When Lynnfield launched I was on the other side of the country talking GPUs. AMD rented out the USS Hornet to tempt press in and kept them captive for several hours while divulging details of its new DX11 GPUs, the RV770 successors.

Needless to say, while I could read your comments about Lynnfield and what you desired, there was little I could do about it while sitting on (er, in) an aircraft carrier. Gary did a wonderful job with his follow ups but they managed to delay his P55 motherboard reviews. As soon as I landed, it was straight to work on the Lynnfield followup and that's what I'm publishing today.

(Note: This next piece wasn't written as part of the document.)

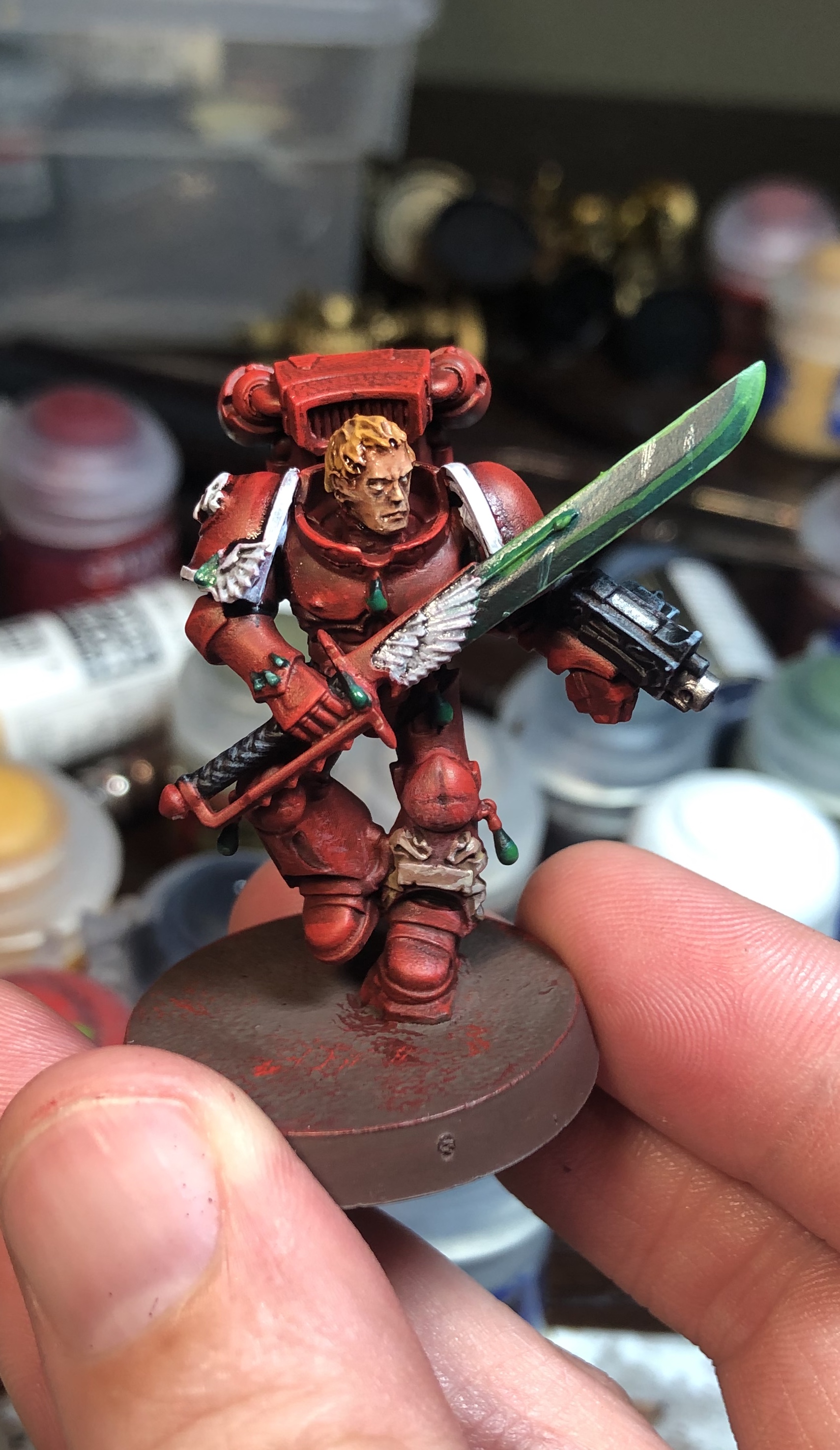 Your red looks fine but the only thing I'd recommend experimenting with if you really want them to pop is try spraying with some cheap gold spray paint and carefully paint on the new Blood Angels red contrast paint. You get this metallic red like the FW Thousand Sons that would make them look less like regular Blood Angel infantry. Kinda depends on the look you're going for.

The first thing many of you asked for were turbo off results between Lynnfield and Bloomfield. On top of that, some wanted results with the exact same memory frequencies. Bloomfield officially only supports up to DDR3-1066, while Lynnfield's memory controller is validated for operation at up to DDR3-1333. Clearly both will work at speeds up to and beyond DDR3-2000, but for stock comparisons I've always tried to stay within validated limits of the platforms.
Below are our application benchmark results comparing Lynnfield to Bloomfield, with turbo disabled, and both platforms running DDR3-1333 at 7-7-7-20 timings. Unlike our standard test beds I've forced the CPUs into their highest performance mode so they are always running at 2.93GHz. The only difference between the two chips is that the Bloomfield is an underclocked Core i7 975 so its un-core runs at 2.66GHz compared to 2.40GHz for the Lynnfield. The real world impact of that difference is negligible:

On average, Lynnfield without turbo mode delivers 96.5% of the performance of Bloomfield. The extra memory controller of Bloomfield is responsible for a 3.5% performance advantage on average; it's just not going to do much at these clock speeds/core configurations.
There are exceptions to the rule. Some applications do benefit from Bloomfield's triple channel memory controller. We see a 15% difference in Windows Media Encoder and nearly a 10% difference in a few other applications. Ultimately it's up to you whether or not the performance difference is worth it, but enable turbo and the advantage clearly goes to Lynnfield as we showed in our initial review.